* Problem details:
From the records below, output exactly the lines running from the line containing "one more针织衫女士秋季2025新款小个子针织开衫白色毛衣外套Y" through the line containing "Věříme, že žáci", and no others.

* Records for the exercise:

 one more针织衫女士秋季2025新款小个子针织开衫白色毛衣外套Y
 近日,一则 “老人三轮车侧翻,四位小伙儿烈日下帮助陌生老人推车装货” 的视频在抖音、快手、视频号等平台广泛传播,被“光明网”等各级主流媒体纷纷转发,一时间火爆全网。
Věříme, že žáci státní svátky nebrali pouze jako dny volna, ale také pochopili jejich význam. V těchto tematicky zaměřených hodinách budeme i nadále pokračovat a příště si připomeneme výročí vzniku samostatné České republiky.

==

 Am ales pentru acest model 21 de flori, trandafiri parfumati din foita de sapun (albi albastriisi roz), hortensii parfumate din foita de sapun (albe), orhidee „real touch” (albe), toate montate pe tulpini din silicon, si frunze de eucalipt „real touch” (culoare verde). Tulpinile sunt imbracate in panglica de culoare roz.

* Solution to this task:
 one more针织衫女士秋季2025新款小个子针织开衫白色毛衣外套Y
 近日,一则 “老人三轮车侧翻,四位小伙儿烈日下帮助陌生老人推车装货” 的视频在抖音、快手、视频号等平台广泛传播,被“光明网”等各级主流媒体纷纷转发,一时间火爆全网。
Věříme, že žáci státní svátky nebrali pouze jako dny volna, ale také pochopili jejich význam. V těchto tematicky zaměřených hodinách budeme i nadále pokračovat a příště si připomeneme výročí vzniku samostatné České republiky.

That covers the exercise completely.